¹⁹F spectra were recorded on a Bruker AV 400 (Bruker Corporation, Billerica, MA, USA) instrument (376.5 MHz), variable-temperature ¹⁹F NMR experiments were conducted on a Bruker AV 300 instrument (282.4 MHz), and ¹³C NMR spectra were recorded on a Bruker AV 600 (150.92 MHz) instrument. Chemical shifts (δ) are reported in ppm relative to CCl₃F (¹⁹F, upfield negative) and TMS (¹³C); C₆F₆ (δ_F = −162.9 ppm) and CDCl₃ (δ_C = 76.9 ppm) served as internal standards. Coupling constants (J) are reported in Hz and rounded to the nearest 0.5 Hz. The following abbreviations were used to designate multiplicities: d = doublet, t = triplet, q = quartet, and m = multiplet.

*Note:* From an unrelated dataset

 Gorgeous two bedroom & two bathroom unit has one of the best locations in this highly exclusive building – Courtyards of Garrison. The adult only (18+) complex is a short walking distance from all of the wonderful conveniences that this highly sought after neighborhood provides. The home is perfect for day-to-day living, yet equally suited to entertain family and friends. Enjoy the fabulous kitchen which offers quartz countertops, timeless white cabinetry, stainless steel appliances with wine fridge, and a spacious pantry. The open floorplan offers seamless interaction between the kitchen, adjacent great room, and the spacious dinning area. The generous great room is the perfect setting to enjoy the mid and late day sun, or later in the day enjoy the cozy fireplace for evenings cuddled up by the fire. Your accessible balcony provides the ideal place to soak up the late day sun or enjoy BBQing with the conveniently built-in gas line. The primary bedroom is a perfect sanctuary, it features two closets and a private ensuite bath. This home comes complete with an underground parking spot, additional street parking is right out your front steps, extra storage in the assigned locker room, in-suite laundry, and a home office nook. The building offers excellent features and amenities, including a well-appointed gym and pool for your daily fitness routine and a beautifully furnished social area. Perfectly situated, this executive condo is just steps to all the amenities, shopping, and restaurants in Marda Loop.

2D NMR experiments were performed on a Bruker AV400 spectrometer, equipped with a 5 mm z-axis field-gradient probehead. Bruker programs for pulse sequence were used. Typical parameters for 2D NMR experiments were as follows. FID data were processed with zero-filling and sine-bell function weighting applied prior to Fourier transformation in order for the resolution to be optimized appropriately.

¹⁹F–¹⁹F COSY: cosygpqf—pulse program, gradient pulses for selection were used, 8K x 1024 time-domain data matrix, 1 scan for each FID with a relaxation time of 3 s.

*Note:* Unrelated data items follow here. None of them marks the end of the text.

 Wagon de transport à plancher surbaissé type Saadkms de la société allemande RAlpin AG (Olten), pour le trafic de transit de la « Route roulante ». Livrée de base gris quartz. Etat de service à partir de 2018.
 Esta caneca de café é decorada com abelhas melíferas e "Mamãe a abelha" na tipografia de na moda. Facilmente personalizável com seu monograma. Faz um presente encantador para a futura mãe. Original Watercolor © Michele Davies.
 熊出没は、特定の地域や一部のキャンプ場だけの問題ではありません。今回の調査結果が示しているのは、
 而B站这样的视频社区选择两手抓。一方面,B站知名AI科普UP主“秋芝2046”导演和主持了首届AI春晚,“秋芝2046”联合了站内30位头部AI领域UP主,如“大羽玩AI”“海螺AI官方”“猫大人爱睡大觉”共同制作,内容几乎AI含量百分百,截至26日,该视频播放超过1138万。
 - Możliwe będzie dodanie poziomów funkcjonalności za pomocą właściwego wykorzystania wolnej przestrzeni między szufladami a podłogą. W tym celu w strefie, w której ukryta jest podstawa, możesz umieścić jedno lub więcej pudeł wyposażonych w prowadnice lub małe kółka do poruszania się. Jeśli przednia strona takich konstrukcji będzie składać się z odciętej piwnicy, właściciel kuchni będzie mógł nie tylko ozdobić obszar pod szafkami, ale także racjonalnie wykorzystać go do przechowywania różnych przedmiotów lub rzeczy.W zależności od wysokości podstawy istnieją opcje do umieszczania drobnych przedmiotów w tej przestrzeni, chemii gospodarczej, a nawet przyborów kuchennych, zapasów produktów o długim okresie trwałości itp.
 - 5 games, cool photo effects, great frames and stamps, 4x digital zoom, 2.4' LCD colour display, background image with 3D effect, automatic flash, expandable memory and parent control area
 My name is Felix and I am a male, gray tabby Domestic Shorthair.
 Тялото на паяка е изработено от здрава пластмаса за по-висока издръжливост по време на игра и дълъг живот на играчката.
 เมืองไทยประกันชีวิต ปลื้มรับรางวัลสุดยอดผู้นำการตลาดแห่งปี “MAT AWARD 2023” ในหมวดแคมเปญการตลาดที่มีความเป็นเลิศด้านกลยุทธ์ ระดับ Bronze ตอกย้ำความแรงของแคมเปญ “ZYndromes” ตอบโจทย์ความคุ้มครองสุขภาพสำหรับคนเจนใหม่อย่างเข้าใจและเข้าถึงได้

¹⁹F–¹⁹F NOESY: noesygpph—pulse program, States-TPPI (time-proportional phase incrementation) acquisition mode, 800 ms mixing time, 8K × 512 time-domain data matrix, 2 scans for each FID with a relaxation time of 2 s.

Molecular masses of the compounds were determined by HRMS with a Thermo Electron Corporation DFS (Thermo Fisher Scientific, Waltham, MA, USA) instrument (EI 70 eV). Column chromatography was carried out on Silica gel 60 (Merck KGaA, Darmstadt, Germany, particle size 0.063–0.200 mm).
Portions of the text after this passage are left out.